_AVAILABLE DATA_
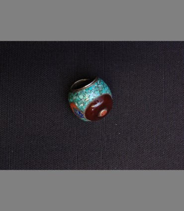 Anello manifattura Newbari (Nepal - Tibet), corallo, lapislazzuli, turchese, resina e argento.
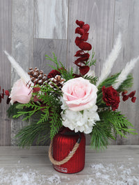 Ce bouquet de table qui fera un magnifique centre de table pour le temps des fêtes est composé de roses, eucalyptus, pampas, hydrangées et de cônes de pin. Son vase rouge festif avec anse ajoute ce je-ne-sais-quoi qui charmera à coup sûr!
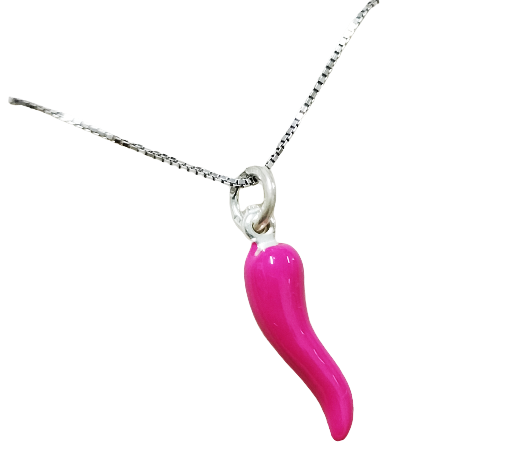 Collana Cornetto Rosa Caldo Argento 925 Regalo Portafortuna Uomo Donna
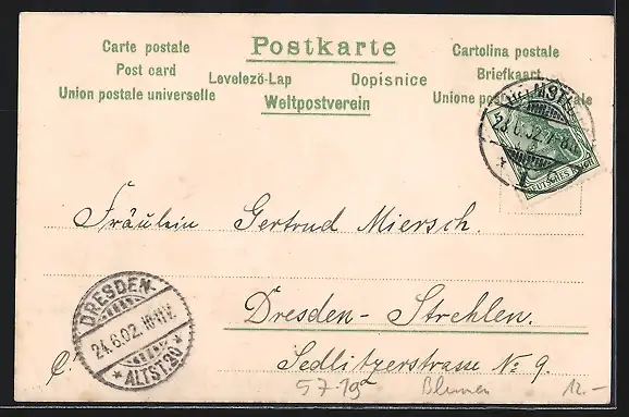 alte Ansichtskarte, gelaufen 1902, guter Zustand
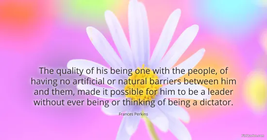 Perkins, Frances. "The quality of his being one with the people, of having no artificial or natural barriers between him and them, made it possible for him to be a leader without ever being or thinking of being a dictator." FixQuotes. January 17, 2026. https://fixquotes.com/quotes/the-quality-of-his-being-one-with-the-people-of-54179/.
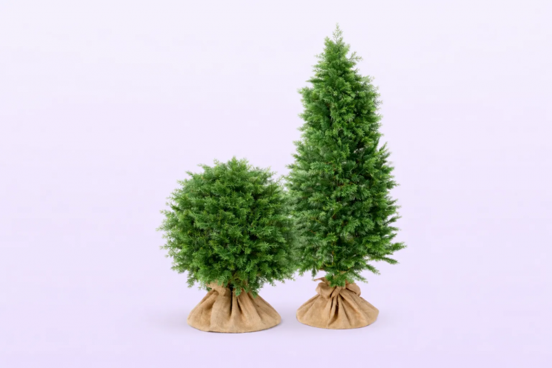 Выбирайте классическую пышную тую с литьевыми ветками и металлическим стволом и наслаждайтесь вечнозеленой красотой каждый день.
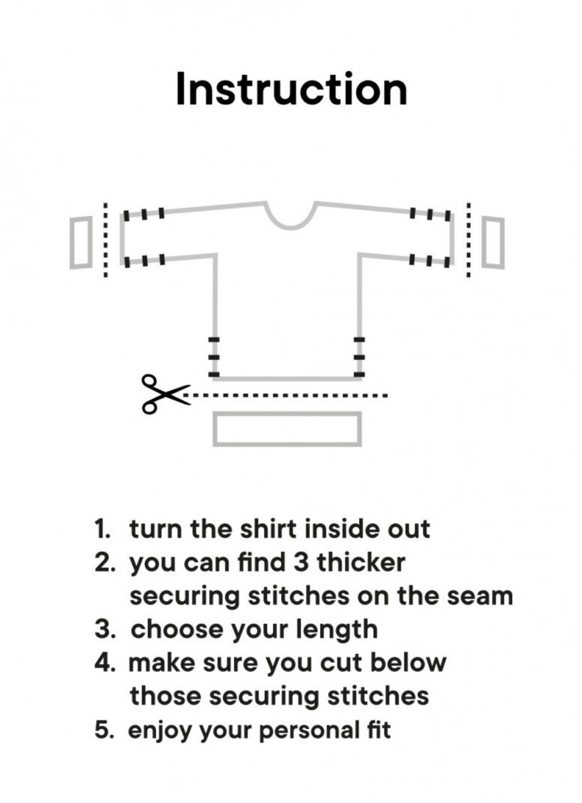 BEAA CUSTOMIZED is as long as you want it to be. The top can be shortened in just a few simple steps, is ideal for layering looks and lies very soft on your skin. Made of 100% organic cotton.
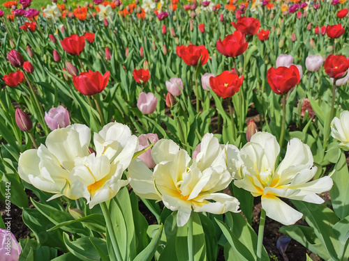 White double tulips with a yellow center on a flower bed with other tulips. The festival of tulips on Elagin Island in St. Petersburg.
--
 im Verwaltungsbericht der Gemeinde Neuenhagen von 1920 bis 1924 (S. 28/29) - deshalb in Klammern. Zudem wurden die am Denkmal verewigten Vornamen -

_WHAT IS NEEDED_
The copy should hold exactly the lines above from the one with "Anello manifattura Newbari" through the one with "alte Ansichtskarte, gelaufen", both ends counted, and no pictures at all.

_ANSWER BOX_
 Anello manifattura Newbari (Nepal - Tibet), corallo, lapislazzuli, turchese, resina e argento.
 Ce bouquet de table qui fera un magnifique centre de table pour le temps des fêtes est composé de roses, eucalyptus, pampas, hydrangées et de cônes de pin. Son vase rouge festif avec anse ajoute ce je-ne-sais-quoi qui charmera à coup sûr!
 Collana Cornetto Rosa Caldo Argento 925 Regalo Portafortuna Uomo Donna
 alte Ansichtskarte, gelaufen 1902, guter Zustand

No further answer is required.